Confocal micrographs of CTb (A, E, white), CGRP (B, F, red) and VGluT2 (C, G, green) at the caudal (Vc/C1) (A - D) and rostral (Vi/Vc) (E - H) boundaries of trigeminal subnucleus caudalis. All three markers were present in the superficial laminae of ventrolateral Vc/C1 (D) and were more dispersed in the ventrolateral region of Vi/Vc (H). spV = spinal trigeminal tract. Scale bars = 20μm.

Table 4.

Few CTb-labeled corneal afferents contained both CGRP and VGluT2 immunoreactivity *

Region CGRP-ir + VGluT2-ir CGRP-ir VGluT2-ir Neither
Caudal – Vc/C1 2 (1%) 5 (3%) 7 (4%) 161 (92%)
Rostral – Vi/Vc 7 (2%) 32 (9%) 39 (11%) 272 (78%)
*

Each column in the table indicates the raw number of varicosities in that category for each region. Percentages indicate the breakdown of CTb-labeled varicosities within that region. Total number of CTb-labeled varicosities were 175 (caudal) and 350 (rostral) from 7 animals. There was a higher proportion of CGRP-containing to total CTb-labeled varicosities rostrally than caudally (z = 2.359, P = 0.018). We found the same was true for VGluT2-containing varicosities (z = 2.523, P = 0.018). There was no difference in the proportion of CTb-labeled varicosities that contained both CGRP and VGluT2 in rostral Vi/Vc as compared to caudal Vc/C1 (z = 0.482; P = 0.630).

DISCUSSION

Corneal afferent fibers project to the brainstem to mediate nociception and to initiate blink responses (Belmonte et al., 2004; Henriquez and Evinger, 2007). In spite of the enormous importance of these afferents in maintaining the integrity of the surface of the eye, little is known about the anatomy of their projections into the brainstem. Our studies are the first to specifically quantify neurotransmitter and transporter content of thinly myelinated corneal afferents traced into the trigeminal subnucleus caudalis from the cornea. By examining the central terminals of corneal afferents, we show significant differences in the peptide and vesicular glutamate transporter content of afferents projecting to rostral and caudal regions of Vc. These studies demonstrate that thinly myelinated corneal afferents are not homogenous and the differences in neuropeptide and glutamate transporters may be important for what type of information is relayed via these fibers as well as their central targets.

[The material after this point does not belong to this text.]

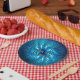 Ein monochromes Fraktal, das an eine aufwändige Schnitzerei eines multibewaffneten oder mehrflügeligen Sterns in blauem Metall oder Plastik erinnert. Passen Sie Ihren eigenen Text an.
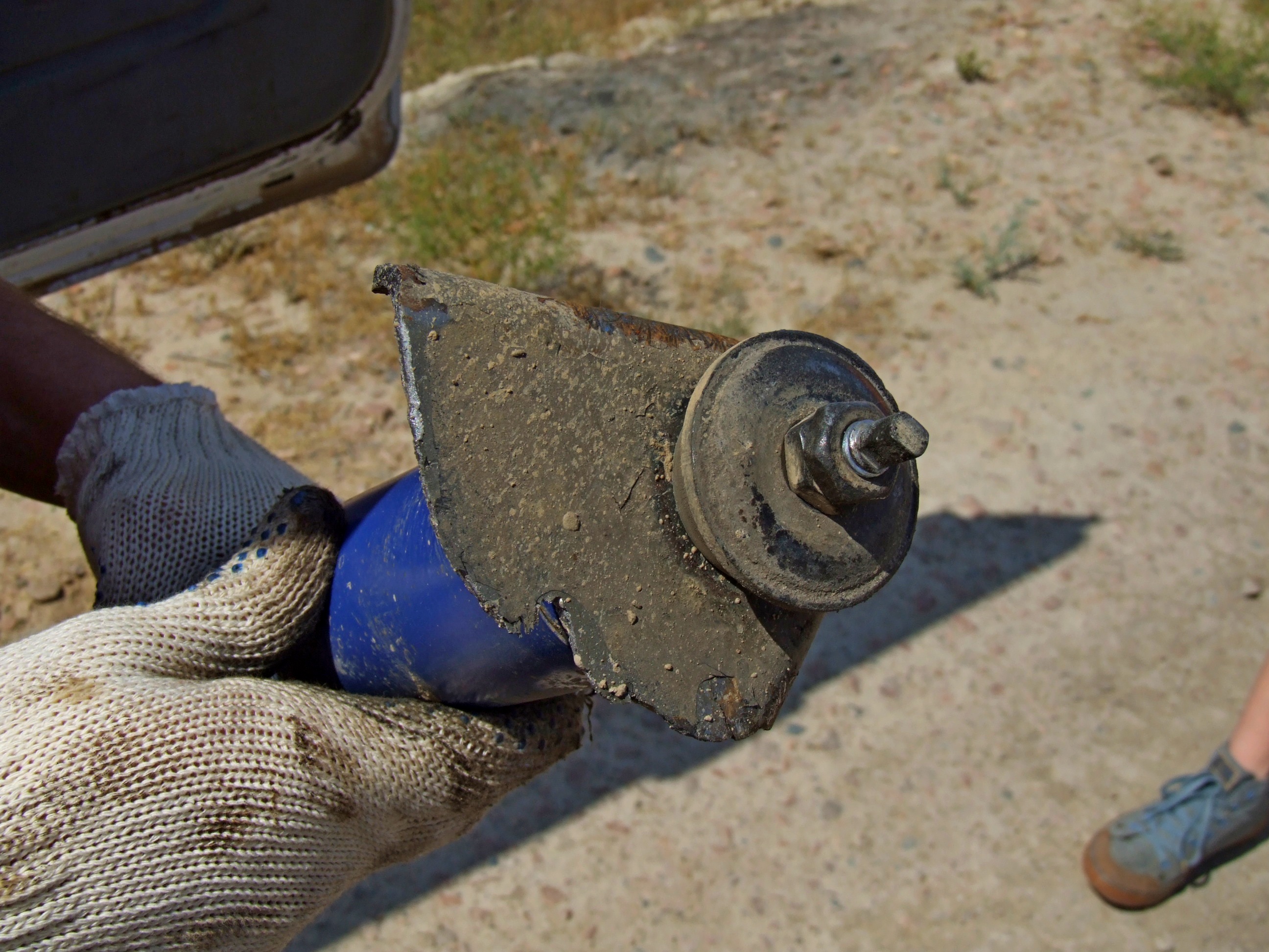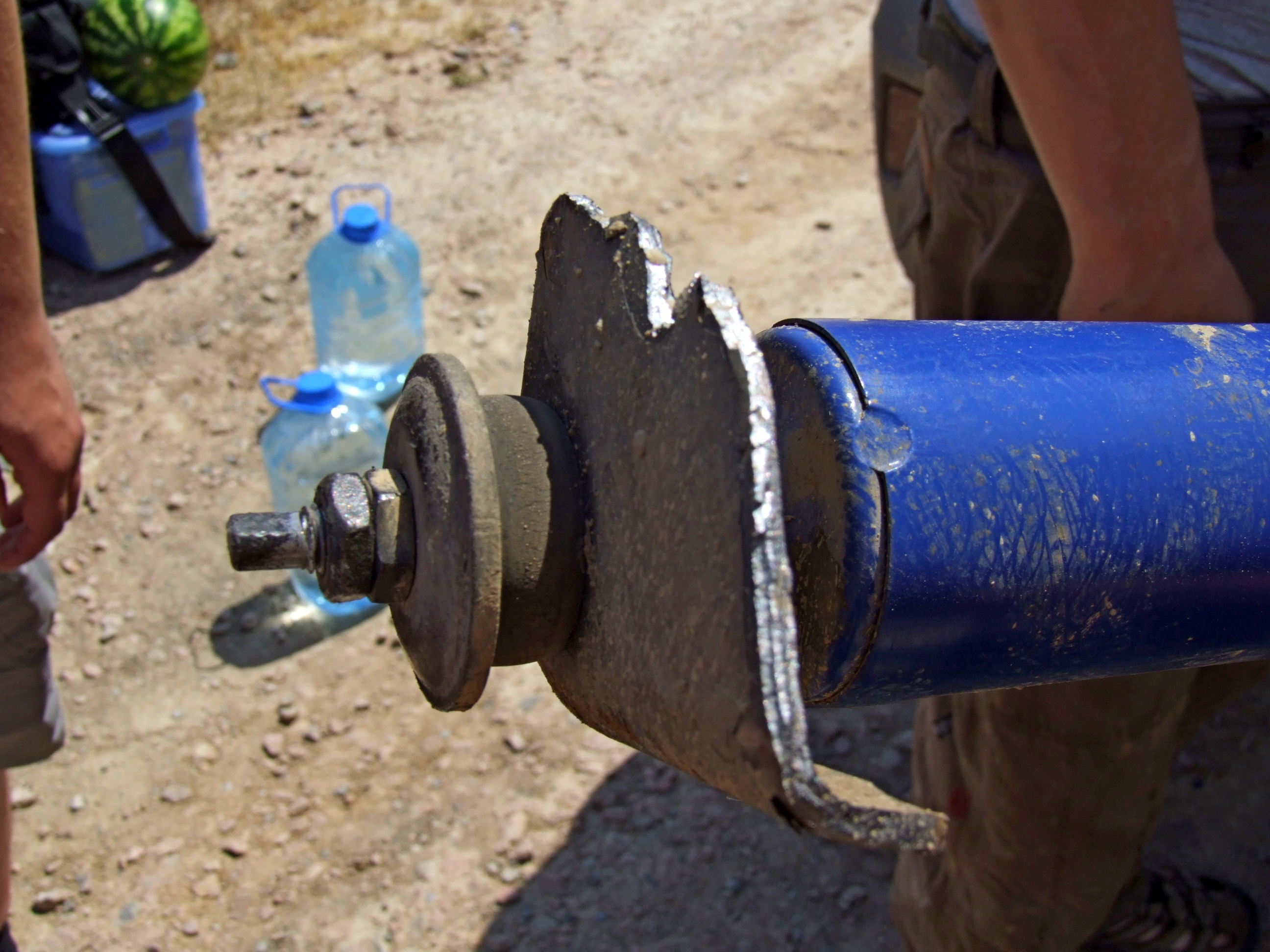 Продолжаем движение на юг. На сегодня наша цель – Узбекская граница под Чимкентом. Едем в сторону Кызыл-Орды. Останавливаемся, чтобы посмотреть, что это бумкает справа спереди у Серого. Обнаруживается оторванное крепление амортизатора. Амортизатор аккуратно демонтируется и мы продолжаем движение, параллельно пытаясь найти сварку.

Previous studies in the trigeminal ganglion (LaVail et al., 1993; Nakamura et al., 2007), and Vi/Vc (Murata and Masuko, 2006) have shown that a subpopulation of corneal afferents contain peptides and our findings support those results. By quantifying central terminals of thinly myelinated corneal afferents, we found that 15% of these afferents contained CGRP and 3% contained SP, proportions that are lower than that found in other studies (27% CGRP and 8% SP reported by (Nakamura et al., 2007); 41% CGRP and 31% SP in the mouse (LaVail et al., 1993)) that quantified the peptidergic content of trigeminal ganglion cells projecting to the cornea. However, the previous studies used the retrograde tracer Fluorogold that traces afferents indiscriminately and is not transported transganglionically. Therefore, the smaller percentages of peptide-containing afferents in the present study may reflect the specificity of the CTb tracer to predominantly identify thinly myelinated afferents that innervate the cornea.

We found that the CGRP-containing corneal afferents were preferentially targeted to distinct areas in Vc, with 20% of CTb-labeled corneal afferents in rostral Vc containing CGRP while only 7% of caudal CTb-labeled afferents contained the peptide. There were very few CTb-labeled corneal afferents that contained SP, and those that were SP-ir did not preferentially target a specific region of Vc. The proportions previously described in the trigeminal ganglion are an average of all afferent fibers that cannot differentiate the divergent central projections of the peptidergic and non-peptidergic or myelinated and unmyelinated afferents. It has been argued that these neuropeptides may distinguish nociceptive afferents from non-nociceptive afferents, but this interpretation is not consistent with data suggesting that the vast majority of corneal afferents, both unmyelinated and lightly myelinated are nociceptive. The present anatomical study was not designed to measure functional differences between the corneal afferents projecting to Vc/C1 and those projecting to Vi/Vc. However, it is possible that the non-peptidgeric afferents projecting to Vi/Vc may be more involved in mediating the blink reflex and other mechanisms involved in signalling the need to maintain or restore the corneal epithelium rather than frank nociceptive processing (Hirata et al., 2004).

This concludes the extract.